Your task is to transcribe the lines from the start of the data below through the line containing "Detalle de una", inclusive, exactly as they stand and without the pictures.

**RECORDED DATA**
##############################

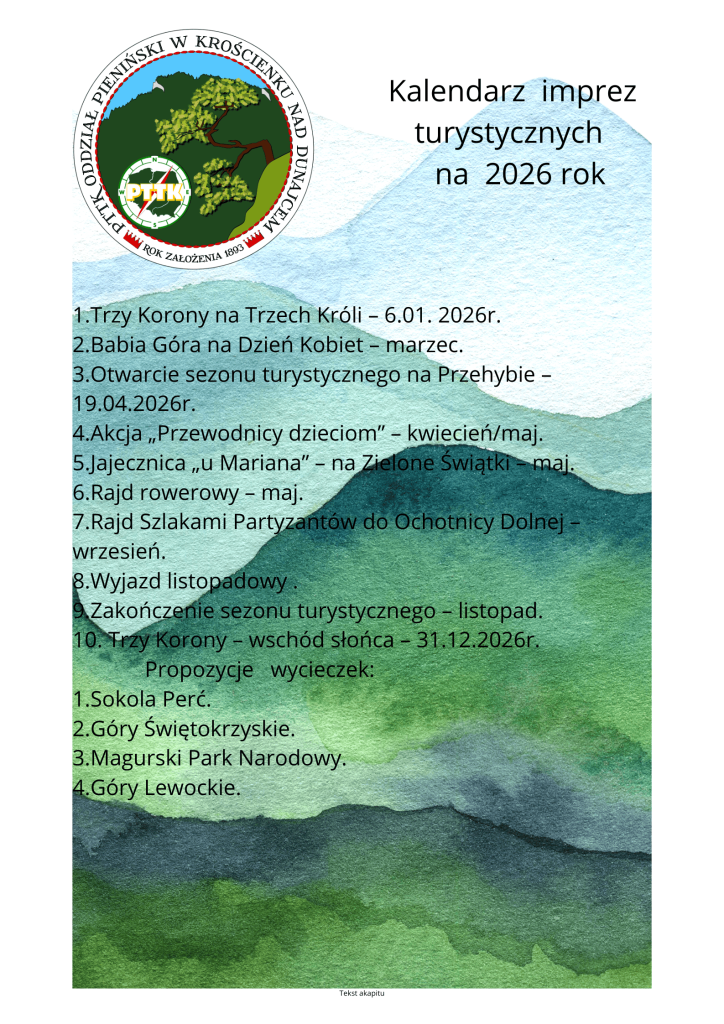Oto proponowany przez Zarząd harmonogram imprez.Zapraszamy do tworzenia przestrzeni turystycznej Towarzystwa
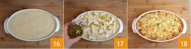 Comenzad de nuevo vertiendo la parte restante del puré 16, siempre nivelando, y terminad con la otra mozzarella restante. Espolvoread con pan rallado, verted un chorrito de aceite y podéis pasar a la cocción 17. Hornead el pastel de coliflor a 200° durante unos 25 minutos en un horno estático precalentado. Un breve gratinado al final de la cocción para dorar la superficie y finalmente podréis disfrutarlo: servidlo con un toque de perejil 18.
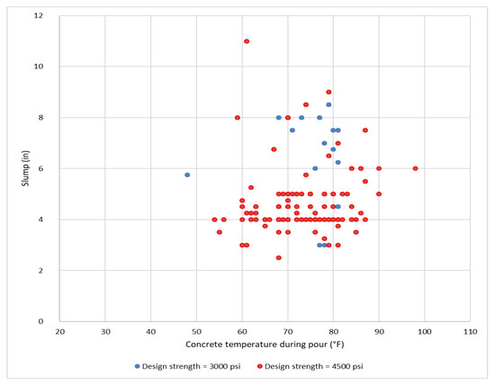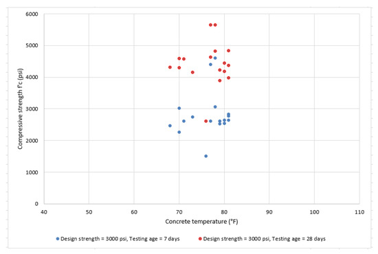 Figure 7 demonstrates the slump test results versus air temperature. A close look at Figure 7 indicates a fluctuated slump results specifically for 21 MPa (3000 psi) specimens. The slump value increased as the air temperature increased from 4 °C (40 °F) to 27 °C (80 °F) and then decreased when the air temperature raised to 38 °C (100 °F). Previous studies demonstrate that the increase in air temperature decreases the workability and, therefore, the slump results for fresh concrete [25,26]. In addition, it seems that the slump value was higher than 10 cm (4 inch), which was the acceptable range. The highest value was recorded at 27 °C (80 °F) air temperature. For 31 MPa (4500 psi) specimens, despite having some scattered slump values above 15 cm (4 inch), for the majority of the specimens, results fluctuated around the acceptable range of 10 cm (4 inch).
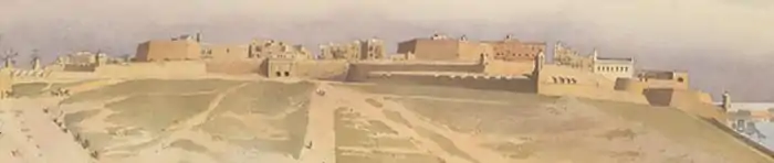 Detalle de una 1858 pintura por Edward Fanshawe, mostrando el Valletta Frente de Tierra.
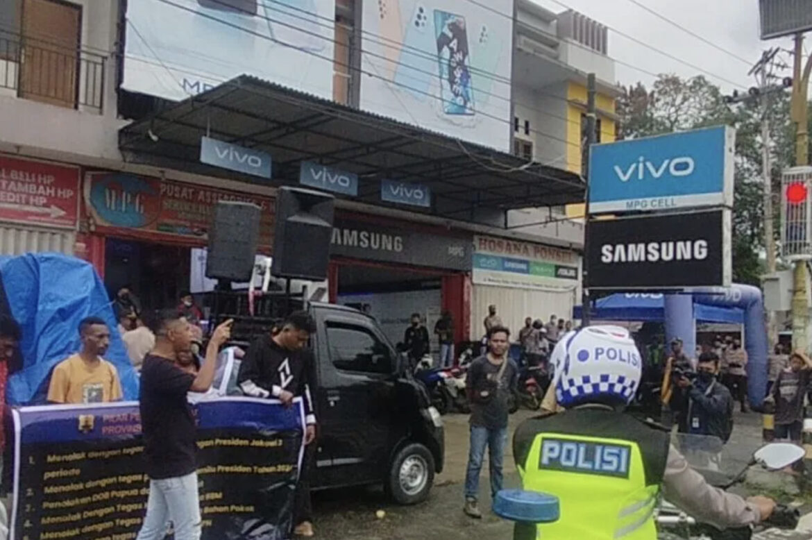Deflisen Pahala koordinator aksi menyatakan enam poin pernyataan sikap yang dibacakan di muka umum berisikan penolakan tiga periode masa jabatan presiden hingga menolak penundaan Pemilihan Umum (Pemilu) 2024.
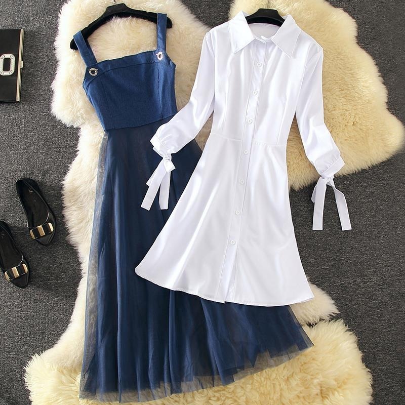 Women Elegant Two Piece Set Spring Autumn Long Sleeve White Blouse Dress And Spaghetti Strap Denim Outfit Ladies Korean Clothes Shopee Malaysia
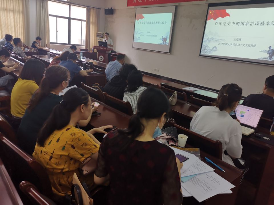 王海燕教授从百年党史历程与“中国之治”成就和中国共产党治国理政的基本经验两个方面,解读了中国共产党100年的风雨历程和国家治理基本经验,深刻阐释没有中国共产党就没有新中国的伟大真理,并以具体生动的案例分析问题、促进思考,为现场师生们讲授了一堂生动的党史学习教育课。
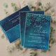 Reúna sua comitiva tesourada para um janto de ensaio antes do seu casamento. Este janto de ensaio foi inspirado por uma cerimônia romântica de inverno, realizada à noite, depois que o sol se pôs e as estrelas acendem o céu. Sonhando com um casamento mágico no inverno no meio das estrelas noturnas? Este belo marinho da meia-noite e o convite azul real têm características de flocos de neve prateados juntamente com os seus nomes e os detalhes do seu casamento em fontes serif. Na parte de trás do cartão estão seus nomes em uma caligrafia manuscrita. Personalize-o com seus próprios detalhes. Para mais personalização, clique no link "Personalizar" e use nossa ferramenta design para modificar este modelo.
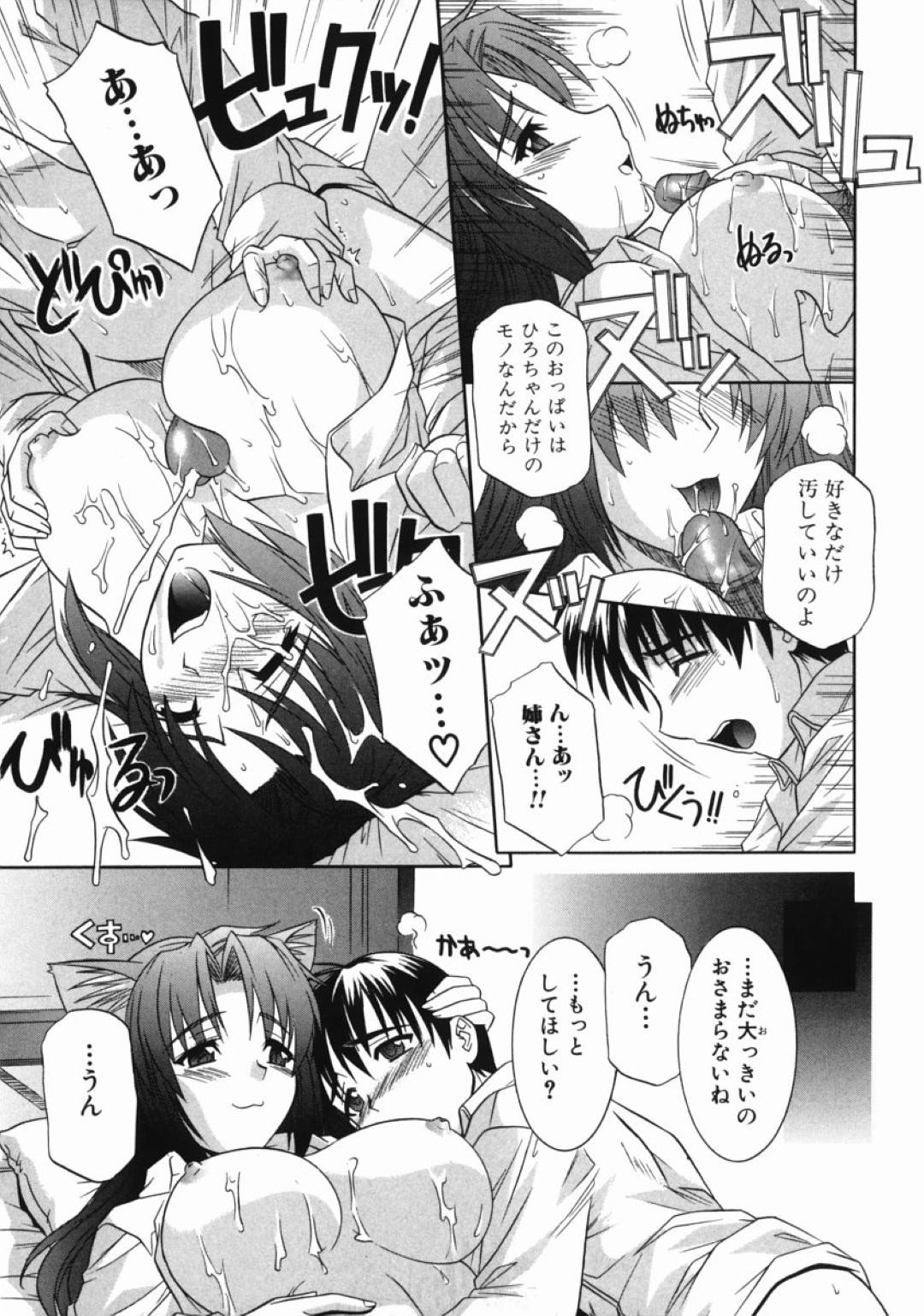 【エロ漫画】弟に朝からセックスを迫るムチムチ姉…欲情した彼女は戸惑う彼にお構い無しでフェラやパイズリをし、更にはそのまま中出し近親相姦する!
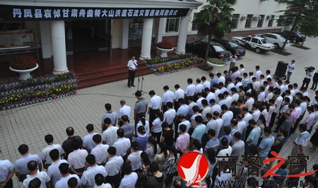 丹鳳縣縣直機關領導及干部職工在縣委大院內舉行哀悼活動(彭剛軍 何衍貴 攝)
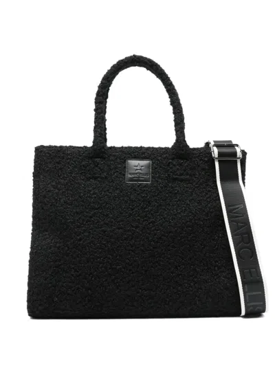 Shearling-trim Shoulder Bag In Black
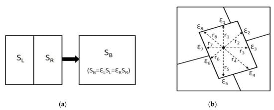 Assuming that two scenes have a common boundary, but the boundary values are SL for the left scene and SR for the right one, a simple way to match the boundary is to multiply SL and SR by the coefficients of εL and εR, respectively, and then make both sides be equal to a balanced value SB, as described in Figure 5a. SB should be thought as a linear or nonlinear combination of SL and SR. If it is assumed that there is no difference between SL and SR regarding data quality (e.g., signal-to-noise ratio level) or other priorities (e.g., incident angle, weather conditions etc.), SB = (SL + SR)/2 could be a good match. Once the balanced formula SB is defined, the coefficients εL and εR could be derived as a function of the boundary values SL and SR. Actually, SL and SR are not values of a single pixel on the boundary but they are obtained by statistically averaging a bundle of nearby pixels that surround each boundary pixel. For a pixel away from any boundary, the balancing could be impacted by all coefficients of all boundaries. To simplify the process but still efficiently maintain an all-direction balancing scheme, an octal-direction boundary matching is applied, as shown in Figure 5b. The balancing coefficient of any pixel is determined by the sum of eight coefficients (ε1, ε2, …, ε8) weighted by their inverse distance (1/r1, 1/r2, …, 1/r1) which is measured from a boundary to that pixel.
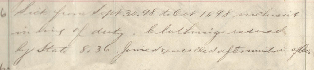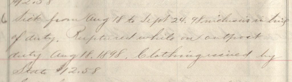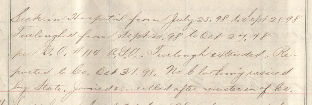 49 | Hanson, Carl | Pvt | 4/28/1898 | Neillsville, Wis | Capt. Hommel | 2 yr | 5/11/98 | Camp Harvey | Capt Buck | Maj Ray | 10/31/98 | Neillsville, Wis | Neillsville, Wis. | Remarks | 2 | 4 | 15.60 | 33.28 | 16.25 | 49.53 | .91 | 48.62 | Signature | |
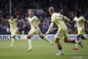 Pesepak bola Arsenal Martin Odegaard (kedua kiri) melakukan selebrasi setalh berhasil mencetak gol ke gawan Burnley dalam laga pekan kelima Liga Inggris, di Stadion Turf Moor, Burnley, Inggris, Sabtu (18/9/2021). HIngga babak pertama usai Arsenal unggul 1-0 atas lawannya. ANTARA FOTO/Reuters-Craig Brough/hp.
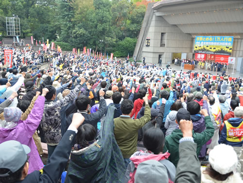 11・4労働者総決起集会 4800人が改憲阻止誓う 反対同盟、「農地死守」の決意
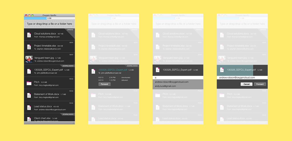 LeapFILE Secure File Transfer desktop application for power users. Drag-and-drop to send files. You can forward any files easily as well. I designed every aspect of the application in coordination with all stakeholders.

##############################

**RESULT OF THIS TASK**
Oto proponowany przez Zarząd harmonogram imprez.Zapraszamy do tworzenia przestrzeni turystycznej Towarzystwa
 Comenzad de nuevo vertiendo la parte restante del puré 16, siempre nivelando, y terminad con la otra mozzarella restante. Espolvoread con pan rallado, verted un chorrito de aceite y podéis pasar a la cocción 17. Hornead el pastel de coliflor a 200° durante unos 25 minutos en un horno estático precalentado. Un breve gratinado al final de la cocción para dorar la superficie y finalmente podréis disfrutarlo: servidlo con un toque de perejil 18.
 Figure 7 demonstrates the slump test results versus air temperature. A close look at Figure 7 indicates a fluctuated slump results specifically for 21 MPa (3000 psi) specimens. The slump value increased as the air temperature increased from 4 °C (40 °F) to 27 °C (80 °F) and then decreased when the air temperature raised to 38 °C (100 °F). Previous studies demonstrate that the increase in air temperature decreases the workability and, therefore, the slump results for fresh concrete [25,26]. In addition, it seems that the slump value was higher than 10 cm (4 inch), which was the acceptable range. The highest value was recorded at 27 °C (80 °F) air temperature. For 31 MPa (4500 psi) specimens, despite having some scattered slump values above 15 cm (4 inch), for the majority of the specimens, results fluctuated around the acceptable range of 10 cm (4 inch).
 Detalle de una 1858 pintura por Edward Fanshawe, mostrando el Valletta Frente de Tierra.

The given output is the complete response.